OPEC countries will take in $1 trillion in oil export revenues in 2011 if per-barrel prices stay above $100 on average for the rest of the year, the International Energy Agency (IEA) reports.
The Organization of the Petroleum Exporting Countries has never broken $1 trillion in a year, even in 2008, when prices were high although revenues hit $990 billion.
“It would be the first time in the history of OPEC that oil revenues have reached a trillion dollars. It’s mainly because of higher prices and higher production," Fatih Birol, chief economist at the IEA, tells the Financial Times.
|OPEC headquarters in Vienna
Oil producers, wary that prices may climb too high and crimp demand, have agreed to boost output in order to ease the pain of their customers.
"However, Saudi Arabia has made substantial efforts to calm down the oil markets by increasing production and hinder prices from going higher," Birol adds.
The estimate does not factor in inflation, meaning 2008 export revenue may have broken the $1 trillion mark if inflation were factored in.
While higher oil prices may be good for OPEC countries and even non-OPEC oil producers like Russia, others are feeling the pain.

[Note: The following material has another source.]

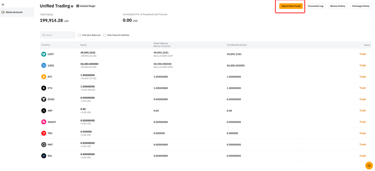 Actualmente, Trading de Prueba es compatible con Cuenta de trading unificada. Esto permite a los traders hacer trading simulado con Spot y Derivados en la Cuenta de trading unificada.

Rising fuel prices helped punish the U.S. consumer confidence index, which fell to 63.4 in March from a three-year high of 72.0 in February, wiping out five straight months of improvement.
"Rising food and gasoline prices are starting to take their toll on the consumer psyche, and Japan's triple calamity — earthquake, tsunami and nuclear disaster — has been very unsettling," Chris Christopher Jr., senior principal economist at HIS Global Insight, tells the Associated Press.